Alerjik Rinit tanısındaki en önemli nokta, hastanın öyküsüdür. Belirtilerin hangi mevsimde, ne ile karşılaştığında, nasıl ortaya çıktığının bilinmesi tanıya ulaşmada önemli ipucudur. Bazen yapılan testlerin sonuçları negatif olduğu halde, hastanın tipik öyküsünden tanı koyulur. Muayene sırasında hastaların burun mukozaları soluk, fakat burun delikleri kırmızıdır. Bu hastalarda burun mukozasının sürekli iltihabına bağlı olarak polipler gelişir. Bu polipler özellikle yıl boyunca devam eden türdedir. Polipler de burun tıkanıklığına neden olabilir. Tanı testleri arasında alerjiye neden olan antikor IgE’nin total kan düzeyinin ölçülmesi ve özel alerjene karşı uygulanan alerji testleri en sık kullanılan tanı yöntemleridir. Özellikle deriye uygulanan alerji testleri sık kullanılır. Kanda “eosinofil” denilen ve alerjik reaksiyonlarda sayıları artan hücrelerin sayılması ya da bu hücrelerin burundan alınan örnekle incelenmesi tanıyı destekler. Bazen de olası alerjenlerden uzak durma ya da alerjenle karşılaşma sonrasındaki yanıta bakılarak alerjenin tanısına gidilebilir.

 

Alerjik Rinit’i olan hastalar nelere dikkat etmelidir?

 

Tozlu ve polenli ortamlarda bulunmamalı, bulunmak durumunda kalınırsa da maske kullanılmalıdır. Polenlerin uçuştuğu mevsimlerde kapı ve pencereler kapalı tutulmalıdır. Özellikle kaloriferli evlerde kuru ev havası alerjik Rinit’in kötüleşmesine neden olabileceği için evde hava nemlendiricisi kullanılmalı. Oda havasının temizliğine dikkat edilmeli, havalandırma sistemlerinin iyi çalıştığından emin olunmalıdır. Evde hayvan ve bitki beslemekten kaçınılması gerekir.
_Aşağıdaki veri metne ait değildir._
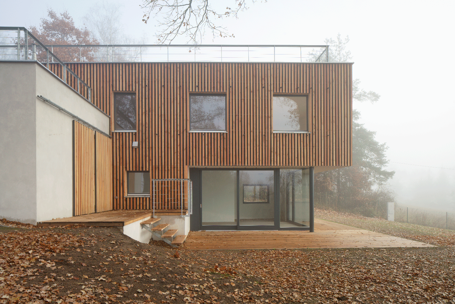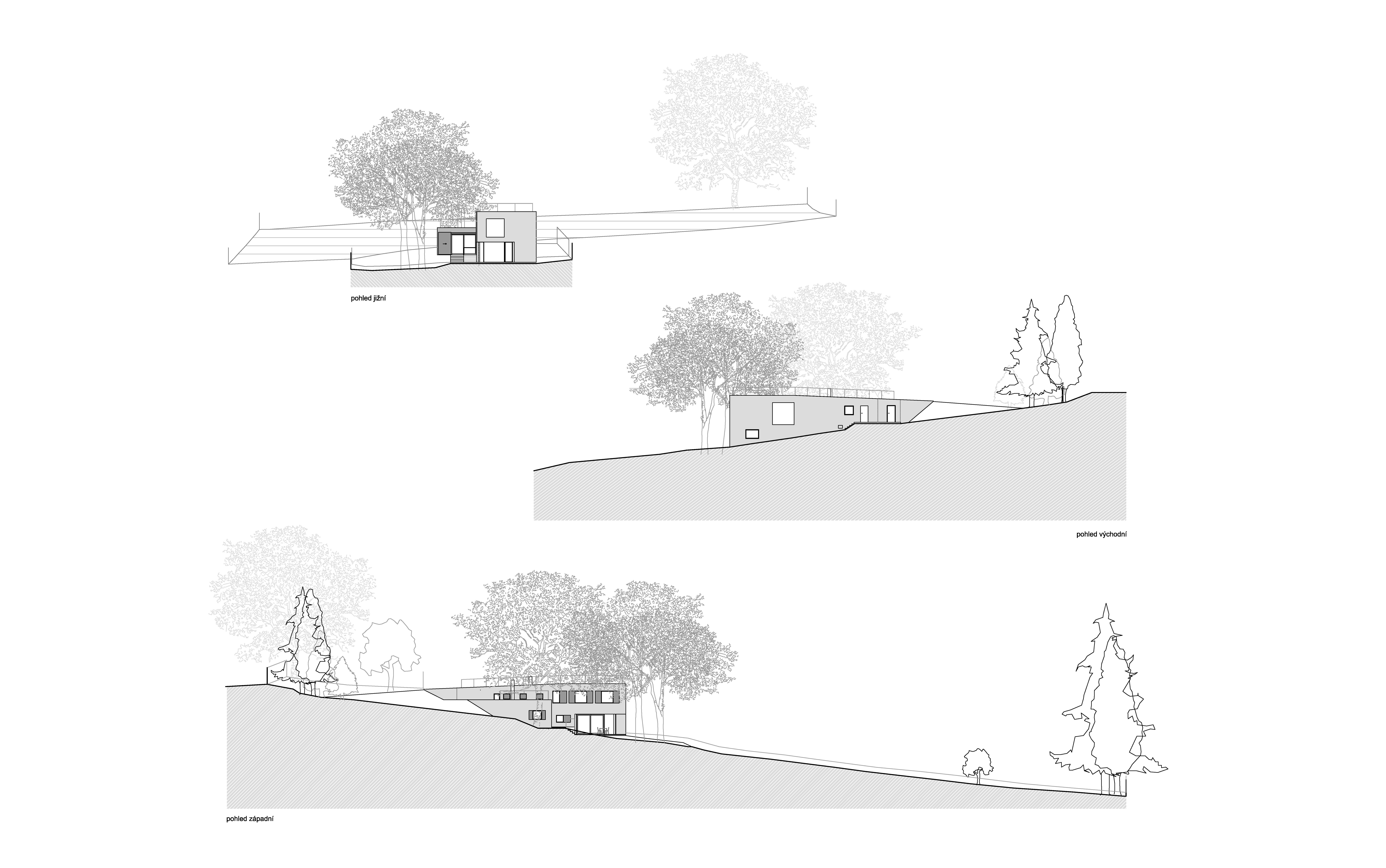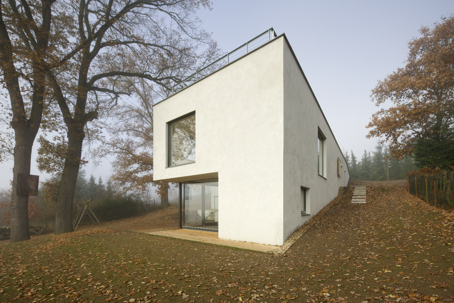 Umiestnenie domu vychádza z tvaru terénu a prístupu na pozemok zo severnej strany. Určujúcim prvkom sa stala aj poloha starých dubov. Návrh využíva kvality prostredia, ktoré stromy dotvárajú. Zvažujúci sa terén otvára výhľady na krajinu. Na južnej strane pozemku ostala zachovaná rozsiahla lúka.

Tüylü ve yünlü battaniyeler yerine pamuklu ve sentetik olanlar tercih edilmelidir. Toz barındırabilecek tarzda kilim ve halı gibi ev eşyaları kullanılmamalıdır.

 

Alerjik Rinit nasıl tedavi edilir?

 

Alerjik hastalıklarda en önemli nokta, alerjen ile karşılaşmaktan kaçınmaktır. Bu konuda alınması gereken önlemler bir önceki soruda anlatıldı. Alerjik Rinit’in tedavisi şikayetlerin giderilmesine yöneliktir, hastalık bu tedaviyle ortadan kaldırılamaz. Alerjik Rinit’in tedavisinde “antihistaminik” denilen ve alerjenle karşılaşıldığında olaya neden olan madde salınımını engelleyen ilaçlar, burnun iç yüzeyindeki şişliği azaltan ilaçlar ve kortizon içeren burun spreyleri kullanılabilir. Ancak tüm bu ilaçlar mutlaka doktor tarafından hastalığın şiddeti ve hastanın durumu değerlendirilerek düzenlenmelidir.

 

Alerjik Rinit’in sonuçları nelerdir?

 

Alerjik Rinit, ömür boyu devam eden fakat yaşla beraber şiddeti azalan bir hastalıktır. Alerjik Rinit, hastaya sıkıntı vermesi, yaşam kalitesini bozması ve iş gücü kayıplarına neden olması dışında çok önemli sağlık sorunlarına neden olmaz. Eğer gerekli tedbirler alınır ve uygun tedavi verilirse bu hastalığın atak sayısı da azaltılabilir.